Dietary peroxisome proliferator-activated receptor (PPAR)γ ligands, linoleic acid (LA) and conjugated linoleic acid (CLA), showed anticancer effects in colorectal carcinoma cells. LA is metabolized by two pathways. Cyclooxygenase (COX)-2 produces procarcinogenic prostaglandin E2, whereas 15-lipoxygenase (LOX)-1 produces PPARγ ligands. The 15LOX-1 pathway, which is dominant in colorectal adenomas, was downregulated and inversely COX-2 was upregulated in colorectal cancer. LA and CLA inhibited peritoneal metastasis of colorectal cancer cells in nude mice. The inhibitory effect was abrogated by PPARγ antisense treatment. A continuous LA treatment provided cancer cells quiescence. These quiescent cells formed dormant nests in nude mice administrated LA. The quiescent and dormant cells showed downregulated PPARγ and upregulated nucleostemin. Thus, short-term exposure to dietary PPARγ ligands inhibits cancer metastasis, whereas consistent exposure to LA provides quiescent/dormant status with possible induction of cancer stem and/or progenitor phenotype. The complicated roles of dietary PPARγ ligands are needed to examine further.
1. Introduction
Colorectal cancer is the third most
common malignant neoplasm worldwide and the third leading cause of cancer
deaths in Japan [1]. The frequency of
colorectal cancer in Japan doubled
in the last three decades according to the alteration of life style from
Japanese to Western [2]. Especially, the increase in fat intake and decrease in
fiber intake have been regarded as the most important nutritional influence on
colon cancer development [3, 4]. In this review,
we focused on the fatty acids, which possess ligand activity for peroxisome
proliferator-activated receptor (PPAR)γ in foods. PPARγ is activated by endogenous secreted
prostaglandins and fatty acids. 15-deoxy-δ(12,14)-prostaglandin J2 is a strong
endogenous ligand of PPARγ [5]. Linoleic acid
(LA) is one of the essential fatty acids, which we must intake from food.

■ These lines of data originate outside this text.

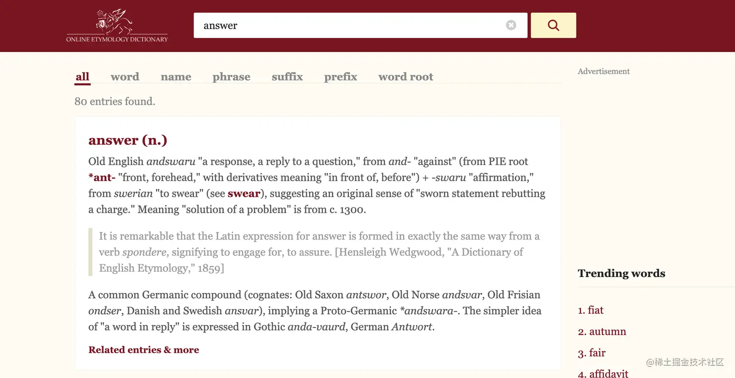 - 英文词源数据库 - 这个网站可以查询每个英语单词的历史和含义。很有用的一个工具,可以发现一些很有趣的解释。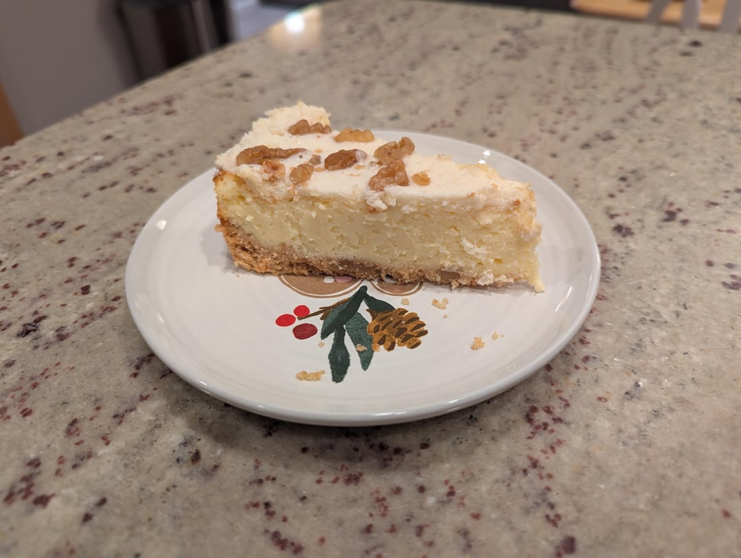 I made this cheesecake for a holiday party at work recently and it was a hit! This recipe is a little less sweet than a traditional cheesecake, but just as creamy and delicious. I have no clue how my grandmother heard about Zwieback. She's Pennsylvania Dutch, and so has Germanic roots, but I have never heard her talk about German food at all and I had to look it up online. Luckily I found the Zwieback at Wegmans, or I'd have been out of luck. The only thing I changed was the amount of sugar. The recipe calls for 1/2 cup sugar split between the custard and sour cream topping, but doesn't specify how much goes into each. The custard didn't taste sweet until I'd added 1/2c, so I added another 1/4c to the sour cream topping. See the last two photos for her recipe card, or my transcription below. Happy holidays!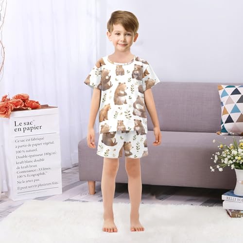 ALAZA Bear Leaf Animal Pajamas Short Sleeve 2 Piece Sleepwear Top and Bottom Pajama Set Unisex 6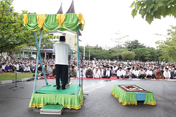 DIPADATI JAMAAH— Ribuan jamaah shalat Idul Adha memenuhi lapangan Balai Kota Payakumbuh, Senin (17/6) pagi.

Metabolic products of LA, such as 9-hydroxyoctadecadienoic
acid (9-HODE), 13-hydroxyoctadecadienoic acid (13-HODE), and
13-oxooctadecadienoic acid (13-OXO), are known as
PPARγ ligands [6].
Conjugated linoleic acid is a stereoisomer of LA [7]. CLA
is contained in beef, lamb, and also in vegetable oils [8]. Roles of
these dietary PPARγ ligands on PPARγ activation are not still unclear.
Colorectal cancer is a good model for influence of nutritional factors to
cancer development and progression [9, 10]. In this review,
roles of LA and CLA for colorectal cancer progression and therapeutic
possibility are discussed as dietary PPARγ ligands.

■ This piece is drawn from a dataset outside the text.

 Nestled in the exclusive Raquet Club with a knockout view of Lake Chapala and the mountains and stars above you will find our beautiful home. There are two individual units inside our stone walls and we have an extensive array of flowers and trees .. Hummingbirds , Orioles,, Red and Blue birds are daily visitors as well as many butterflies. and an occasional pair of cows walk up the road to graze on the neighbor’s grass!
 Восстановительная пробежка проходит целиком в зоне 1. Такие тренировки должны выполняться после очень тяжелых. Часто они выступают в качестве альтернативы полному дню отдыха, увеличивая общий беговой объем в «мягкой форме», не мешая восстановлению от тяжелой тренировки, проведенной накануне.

2. Metabolic Pathways of Linoleic Acid
Prostaglandins (PGs) are bioactive
lipids derived from the metabolites of membrane polyunsaturated fatty acids
(PUFAs), and play important roles in a number of biological processes [11]. Cyclooxygenases-2 (COX-2)-dependent overproduction of PGE2 is hypothesized
to be an important part of sustained proliferative and chronic inflammatory
conditions [12, 13]. Several in vivostudies
hypothesize that a high amount of ω-6 PUFA such as LA might
enhance colorectal carcinogenesis via stimulation of colonic epithelial cell
proliferation [14–17]. In fact, rats treated with a genotoxic agent, azoxymethane (AOM), and fed a diet supplemented with LA
develop more tumors than those treated with AOM alone [18].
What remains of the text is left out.